I blushed and looked away. “I just needed
someone to talk to.”

“Our relationship need not be one
dimensional,” Giacomo said, putting a comforting hand on my knee.
“If you want to talk, I’m here for you.”

That hand kindled a flame.

I looked back up to his eyes, suddenly hungry
for him. “I don’t want to talk,” I said. I placed my hand on his
leg as well, but instead of the knee, started much higher up on his
inner thigh. I ran my fingertips up to the hard bulge I knew I’d
find there. When I unzipped his pants and fished him out, he was
large as a roll of cookie dough in my hand.

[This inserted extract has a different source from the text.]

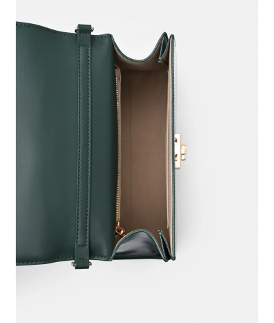Clean lines meet considered construction in the Leather Handbag, designed with a sharp, professional edge. The structured silhouette is crafted from smooth calf leather, punctuated with gold-tone hardware that catches the light without overpowering the form. A top flap and push-lock closure keep the design minimal yet functional, reinforcing its precise feel.

I led Giacomo up to his bedroom by his cock.
I needed no direction. We spent the rest of the evening indulging
in each other over and over.

At some point, Giacomo told me to touch
myself. With only the slightest hesitation, I obliged, masturbating
as he watched. What began as awkward exposure soon turned to raw
lust. I was breathing heavily and building to orgasm by the time
Giacomo reached out and cupped my breast. As I rubbed my clitoris,
he plunged one large finger deep inside me, and I moaned. I
realized Giacomo was stroking himself as well. When I came, my body
convulsed in wave after wave of unadulterated pleasure. Giacomo
squeezed my nipple in a way that turned pain into joy.

“Where should I come?” Giacomo asked, still
stroking his member.

From where I lay on the bed, I watched with
strange fascination. He hovered over me, stroking up and down.